• _Extracted information_
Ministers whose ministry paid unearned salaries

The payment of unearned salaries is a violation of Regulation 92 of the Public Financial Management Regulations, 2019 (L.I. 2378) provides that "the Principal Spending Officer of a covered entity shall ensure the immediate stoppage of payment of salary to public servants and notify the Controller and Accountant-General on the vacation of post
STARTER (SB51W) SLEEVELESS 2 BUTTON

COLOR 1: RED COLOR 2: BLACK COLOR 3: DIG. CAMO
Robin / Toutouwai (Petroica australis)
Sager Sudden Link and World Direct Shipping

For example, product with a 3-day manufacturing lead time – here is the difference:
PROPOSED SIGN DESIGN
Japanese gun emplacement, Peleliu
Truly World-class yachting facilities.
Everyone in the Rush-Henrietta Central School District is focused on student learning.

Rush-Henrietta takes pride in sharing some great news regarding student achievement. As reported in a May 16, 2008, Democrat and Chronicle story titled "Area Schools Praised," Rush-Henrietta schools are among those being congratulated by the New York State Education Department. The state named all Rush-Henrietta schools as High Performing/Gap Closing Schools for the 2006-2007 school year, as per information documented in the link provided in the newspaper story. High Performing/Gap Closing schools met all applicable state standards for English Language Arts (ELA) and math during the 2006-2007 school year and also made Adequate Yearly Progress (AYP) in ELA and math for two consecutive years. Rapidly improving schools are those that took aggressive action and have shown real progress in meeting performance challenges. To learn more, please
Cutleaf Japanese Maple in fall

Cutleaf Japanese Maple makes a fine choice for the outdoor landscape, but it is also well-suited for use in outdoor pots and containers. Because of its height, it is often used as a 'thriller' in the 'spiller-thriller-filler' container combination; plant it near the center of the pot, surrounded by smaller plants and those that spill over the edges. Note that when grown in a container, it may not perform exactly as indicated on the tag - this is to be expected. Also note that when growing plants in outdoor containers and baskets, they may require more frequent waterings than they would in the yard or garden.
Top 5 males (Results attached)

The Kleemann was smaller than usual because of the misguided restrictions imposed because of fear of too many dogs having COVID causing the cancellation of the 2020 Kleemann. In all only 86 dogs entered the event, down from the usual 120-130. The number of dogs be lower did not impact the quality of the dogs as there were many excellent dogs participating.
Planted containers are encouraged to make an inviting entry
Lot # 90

• _Assignment_
Look back at the entries above and repeat, unchanged, every line from the line holding "Rush-Henrietta takes pride" through the line holding "Cutleaf Japanese Maple in fall".

• _Answer for this exercise_
Rush-Henrietta takes pride in sharing some great news regarding student achievement. As reported in a May 16, 2008, Democrat and Chronicle story titled "Area Schools Praised," Rush-Henrietta schools are among those being congratulated by the New York State Education Department. The state named all Rush-Henrietta schools as High Performing/Gap Closing Schools for the 2006-2007 school year, as per information documented in the link provided in the newspaper story. High Performing/Gap Closing schools met all applicable state standards for English Language Arts (ELA) and math during the 2006-2007 school year and also made Adequate Yearly Progress (AYP) in ELA and math for two consecutive years. Rapidly improving schools are those that took aggressive action and have shown real progress in meeting performance challenges. To learn more, please
Cutleaf Japanese Maple in fall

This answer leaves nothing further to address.